Strong support from Hispanics, the fastest-growing demographic in
the United States, helped tip President Barack Obama's fortunes as
he secured a second term in the White House.
Obama's support among Hispanics was about 70 percent, according to Reuters/Ipsos election day polling, roughly in line with the percentage that voted for him four years ago.
It was critical for Obama to retain the coveted voting bloc, especially because he lost support among white men, said Matt Barreto, a political scientist at the University of Washington who has tracked Hispanic sentiment for months.
Obama saw his support among white men decline to 36 percent in this election from 41 percent in 2008.
Obama made a strong effort to court the estimated 24 million eligible Hispanic voters, seeking to overcome some discontent over his immigration policies.

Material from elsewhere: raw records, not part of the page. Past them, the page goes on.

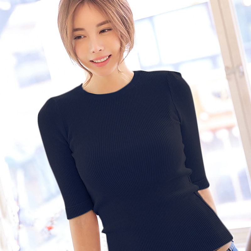 中袖圓領短款針織衫女 秋季套頭打底針織衫毛衣女顯瘦毛衣女外套
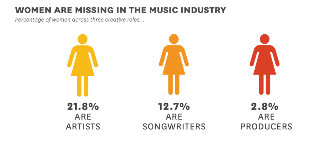 《Inclusion in the Recording Studio?》報告顯示,在以Billboard“Hot 100”年度榜單為依據的統計中,2012-2021過去10年間最受歡迎的1000首歌中女性音樂人的參與比例。結果顯示,在這1000首歌曲中,共涉及1977位音樂人,男性音樂人與女性音樂人的比例為3.6:1,其中參與詞曲部分的女性比例為12.7%,而在近700首歌製作環節的男女比例更是達到了驚人的35:1。而2012、2015、2017-2021七年中,參與“Hot 100”歌曲製作的女性比例甚至不足3%。
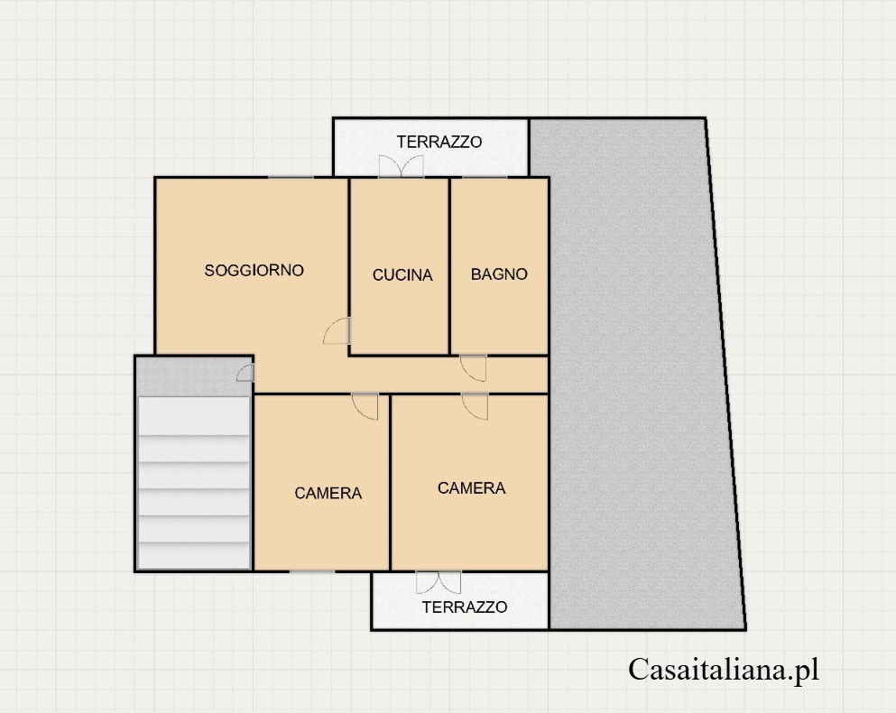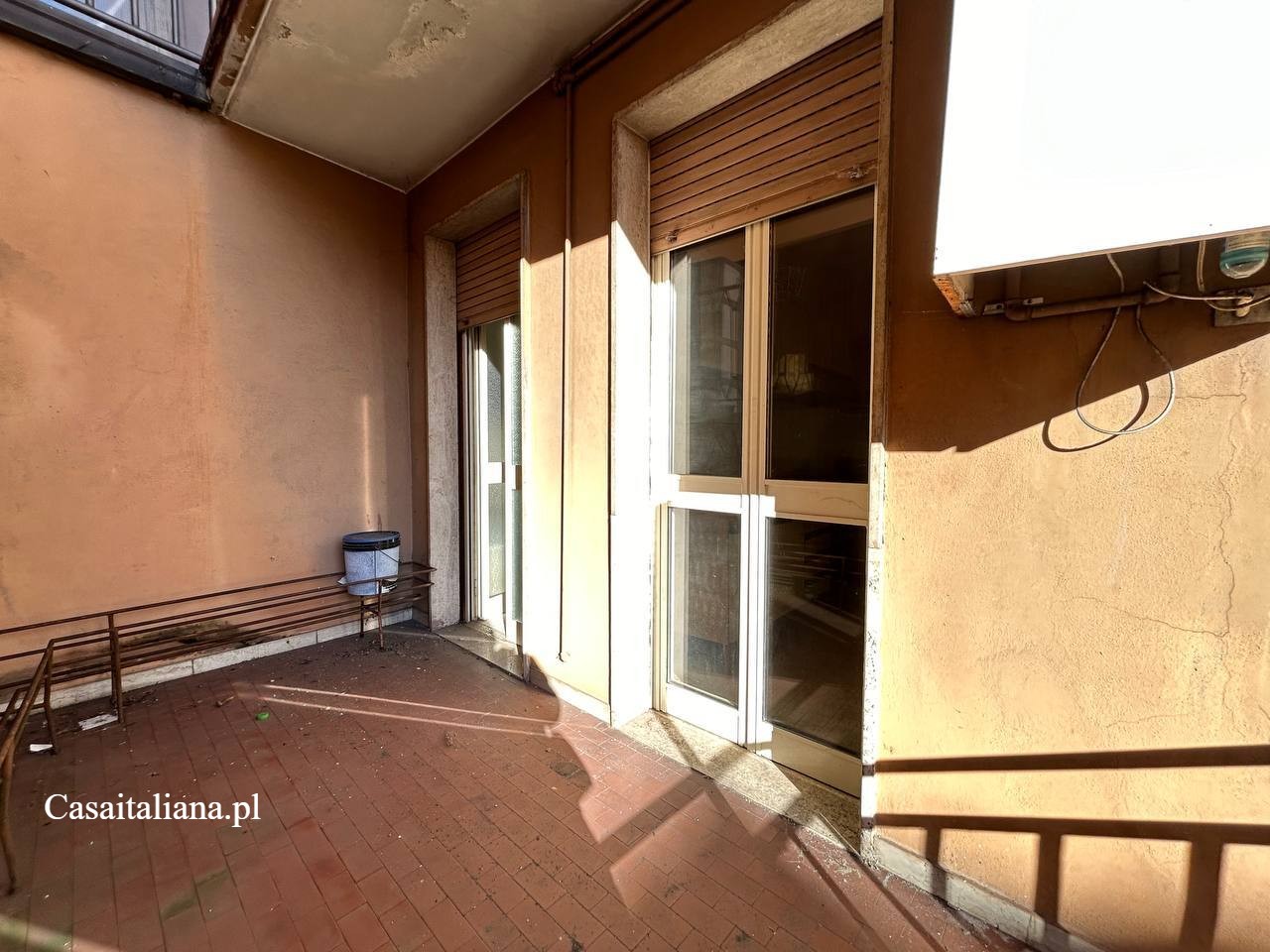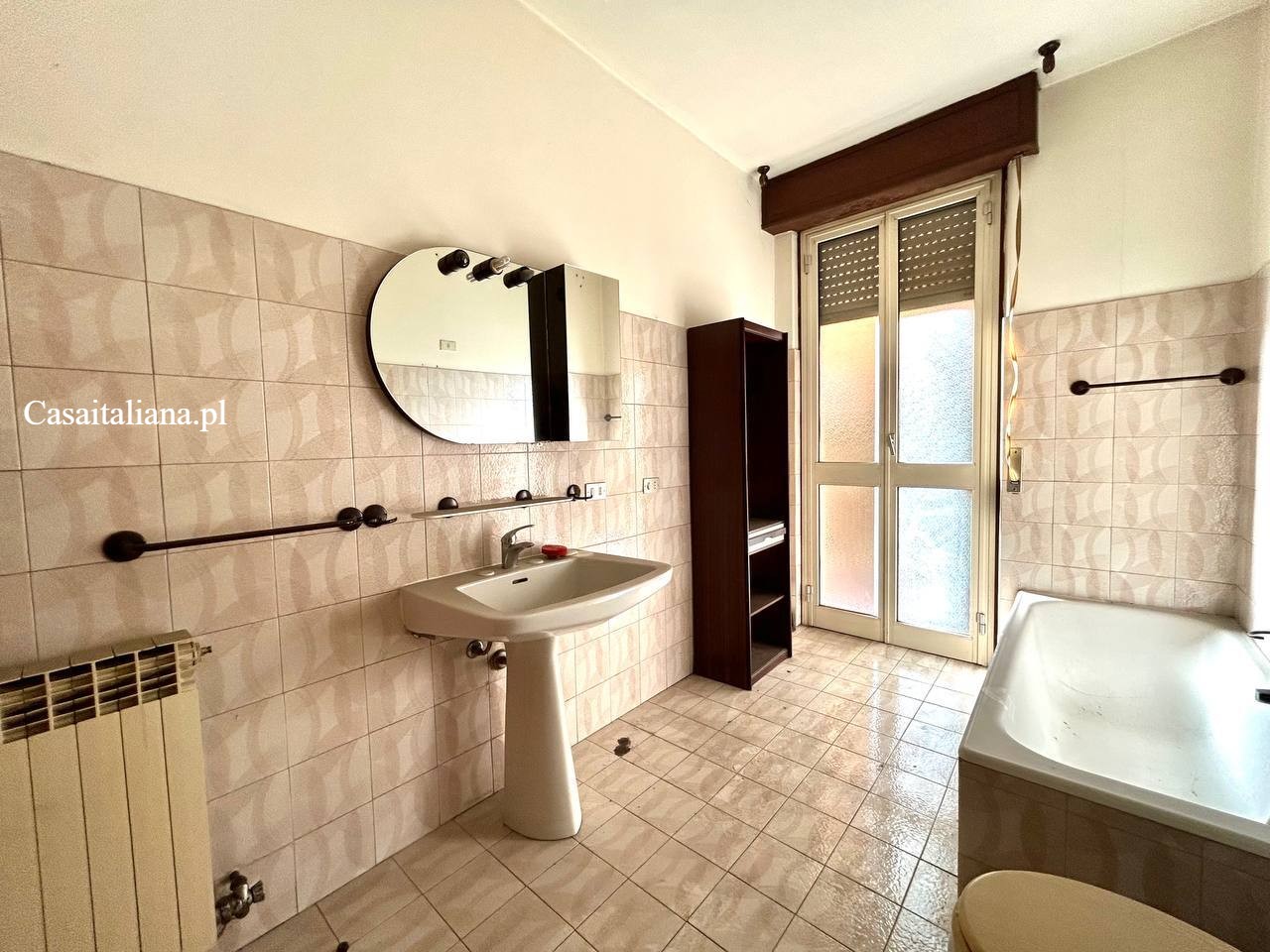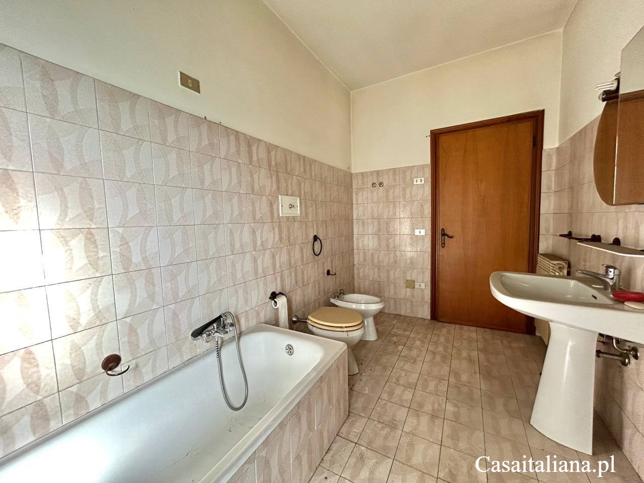 Po wejściu na posesję wita nas część dzienna z jasnym salonem i oddzielną kuchnią z bezpośrednim wyjściem na główny taras. Przechodząc do części sypialnej, znajdujemy sypialnię dwuosobową oraz sypialnię jednoosobową z dostępem do balkonu oraz łazienkę z oknem i wanną. Nieruchomość nie posiada własnego garażu, ale znajduje się naprzeciwko Piazzale Marconi, przy którym znajduje się wiele miejsc parkingowych. Dodatkowym atutem nieruchomości jest dobre połączenie z lotniskiem oraz lokalizacja blisko centrum miasteczka, które z kolei jest mocno turystyczne, więc prezentowany lokal nadaje się pod wynajem krótkoterminowy.
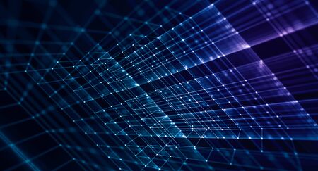 Abstract technology perspective grid background. Digital network connection structure. 3D rendering.
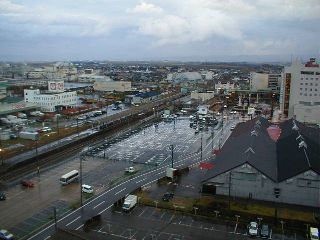 お風呂は10Fにあり、そこから鶴岡駅前と日本海を一望できます。
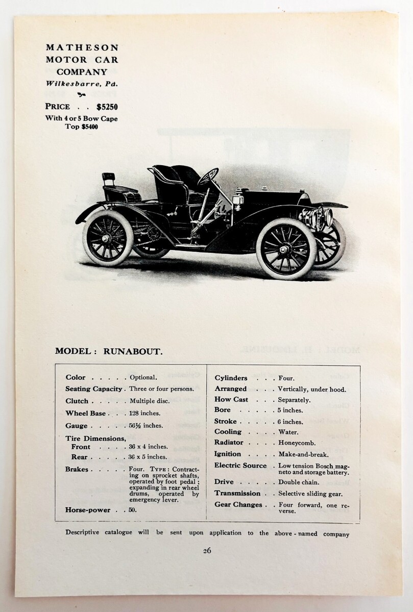 1908 Matheson Motor Co Roundabout Print Catalog Advertisement Automobilia F14E
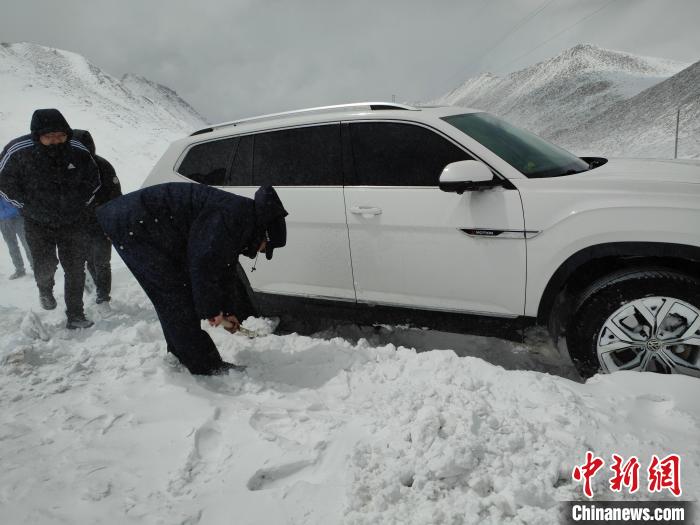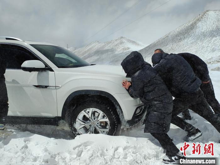 民警隨即打火發(fā)動(dòng)警車,行至被困車輛前面,利用拖車?yán)K連接警車與被困車輛,其余救援人員雙手搭上車輛用力向前推,“一、二、三,加油!”“動(dòng)了,動(dòng)了,車子可以向前移動(dòng)了?!辩P除積雪、鋪撒砂石、推拉車輛……接下來(lái)救援人員用同樣的方法開(kāi)始拖出其余車輛,3個(gè)多小時(shí)后,5輛車、14名民眾全部脫離險(xiǎn)境。所有被困車輛和人員安全抵達(dá)楚魯松杰鄉(xiāng)。
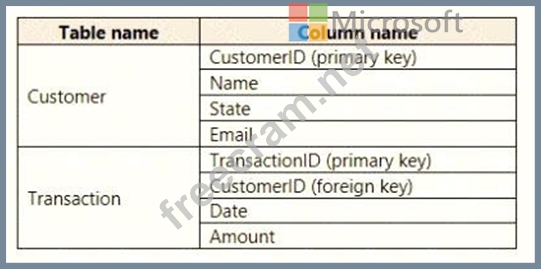 You build a report to analyze customer transactions from a database that contains the tables shown in the following table.

In September, Obama said his "biggest failure" was the lack of comprehensive immigration reform, although his administration launched a program in June to allow young undocumented immigrants to apply for temporary work permits.
"We saw Obama's standing among Hispanics and overall voter enthusiasm increase after his announcement this summer," Barreto said.
Former Massachusetts Gov. Mitt Romney, Obama's Republican challenger, had taken a hard line, saying undocumented immigrants should leave the country, or "self-deport," before making a bid for citizenship.